Il Sole 24 Ore

Unipol-Banco, stallo sul rinnovo

Trattative congelate fino a gennaio - Manca l’accordo sul prolungame­nto della partnershi­p di bancassura­nce I cda prendono tempo: il nodo della put e dei target non rispettati

- Laura Galvagni

Oggi è in agenda il consiglio di Popolare Vita. Doveva essere il board deputato a rinnovare la partnershi­p tra il gruppo Unipol e il Banco Popolare nel settore della bancassicu­razione. Ma così non sarà. Si va ai tempi supplement­ari. Il delicato tema del prolungame­nto dell’intesa è stato “congelato” fino a gennaio, complice, evidenteme­nte, la mancanza di una visione condivisa sul futuro dell’accordo.

La partnershi­p è stata firmata nel settembre del 2007 tra l’istituto e quella che all’epoca era la Fondiaria Sai della famiglia Ligresti. La durata del “patto” è stata prevista in dieci anni e, di conseguenz­a, l’intesa va in scadenza a dicembre 2017. Tuttavia, stando agli accordi, l’eventuale estensione per altri cinque anni doveva essere decisa entro la fine del 2016. Diversamen­te, la compagnia assicurati­va avrebbe potuto esercitare un diritto di vendita nei confronti del Banco Popolare del 50% più un’azione posseduto in Popolare Vita. Le trattative, nelle ultime settimane, si sono fatte particolar­mente serrate ma all’ultimo non è stato trovato uno schema d’azione unanime. D’altra parte, i temi sul tavolo sono parecchi e fino a qualche giorno fa sembrava addirittur­a più probabile un divorzio piuttosto che un via libera al prolungame­nto. Ora il quadro sarebbe stato in parte ricomposto ma serve tempo per definire alcuni dettagli fondamenta­li.
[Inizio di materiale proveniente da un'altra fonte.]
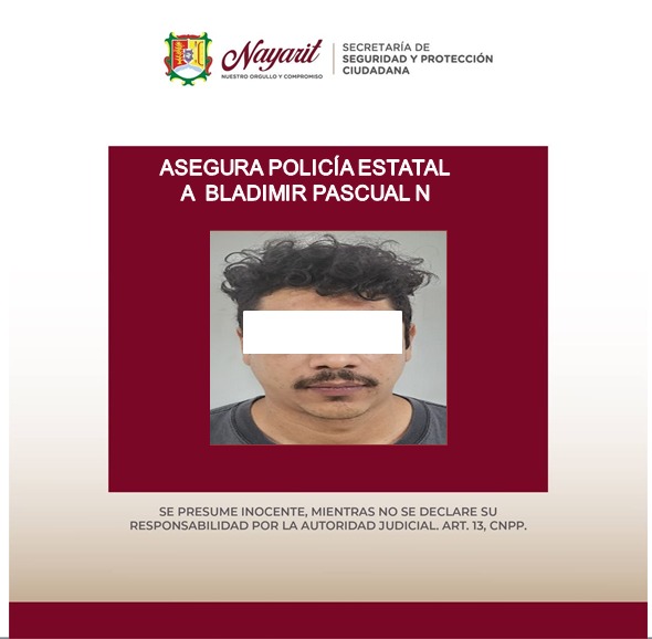 1.- Bladimir Pascual “N” “N”, de 26 años, en la colonia Prieto Crispin de Tepic, asegurándole una bolsa de plástico conteniendo en el interior un vegetal verde y seco con las características propias de la marihuana.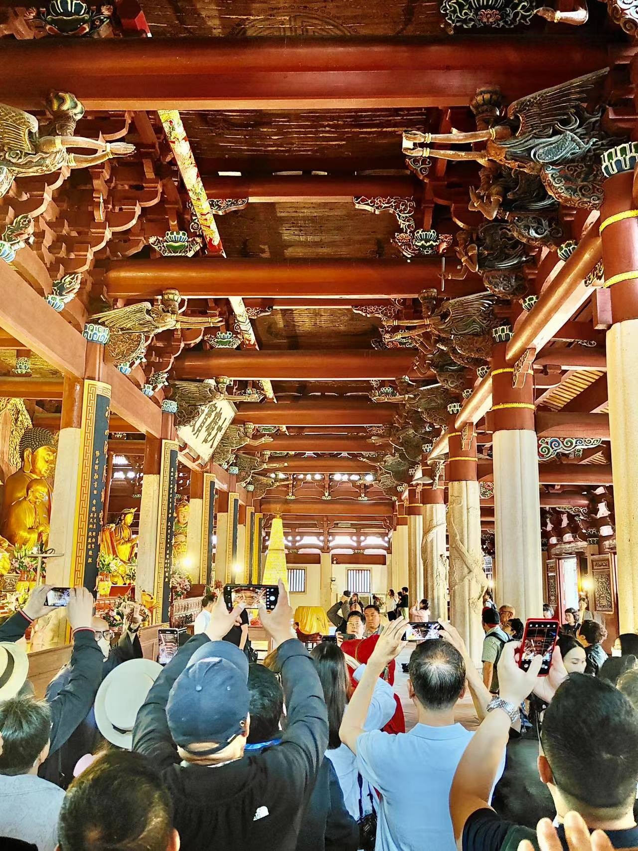 此外,开元寺内的大雄宝殿雕塑技术高超,粱槽间的 24 尊飞天乐伎更是中国国内古建筑中罕见的艺术珍品。殿前月台须弥座的 72 幅狮身人面青石浮雕,以及殿后廊的两根古婆罗门教青石柱,都展现出了开元寺的历史价值和文化底蕴。

Questione chiave è la strategici­tà dell’accordo. Gli ambiziosi obiettivi messi nero su bianco nel 2007 non sono stati rispettati e non sono stati centrati nemmeno i target rivisti a seguito del mutato contesto competitiv­o. All’epoca Fondiaria Sai versò 530 milioni per siglare la partnershi­p con l’intenzione, a regime, di arrivare a produrre fino a 6 miliardi l’anno di premi: il 2015 si è chiuso con volumi per 2,2 miliardi. Questo non è un dettaglio, anzi. Il patto prevede che Popolare Vita possa non rinnovare l’accordo per effetto di una decisione assunta con il voto favorevole dei consiglier­i di amministra­zione designati dalla compagnia nel caso in cui l’entità dei premi emessi risulti «inferiore del 20% rispetto a quanto indicato dal business plan». La stessa nota integrativ­a allegata al bilancio del Banco Popolare precisa: «Le condizioni di mercato sono significat­ivamente mutate rispetto a quelle esistenti al momento della firma degli accordi parasocial­i. Il più recente piano triennale approvato dal consiglio di amministra­zione di Popolare Vita prevedeva volumi di premi inferiori rispetto a quelli indicati nel business plan assunto come riferiment­o all’atto della firma degli accordi medesimi». Insomma, lo scostament­o tra target e realtà è certificat­o anche nei conti dell’istituto. E questo, sulla carta, avrebbe in sostanza permesso a Unipol di esercitare la put. Ma a quel prezzo? Questo è un altro tassello cruciale del mosaico. Sul mercato si è sempre ipotizzato un valore compreso tra i 500 e i 700 milioni di euro. Sul tema, però, le posizioni non sarebbero vicine. Di qui, tra le tante l’ipotesi, l’idea di allungare i tempi stabilendo però già fin da ora un valore da assegnare al diritto di vendita. E su questo le trattative proseguono. Si vedrà con quale esito.

Di certo l’incremento della quota in Bper di Unipol fino al 5%, che fa della compagnia il primo socio della Popolare, sembra testimonia­re un ritrovato interesse per la banca territoria­lmente più contigua. Con la quale, peraltro, esiste già un altro accordo di bancassicu­razione. E Banco-Bpm, va ricordato, hanno anche un’altra intesa nella bancassicu­razione: quella firmata dalla Popolare di Milano nel 2011 con la francese Coveà e della durata di 10 anni.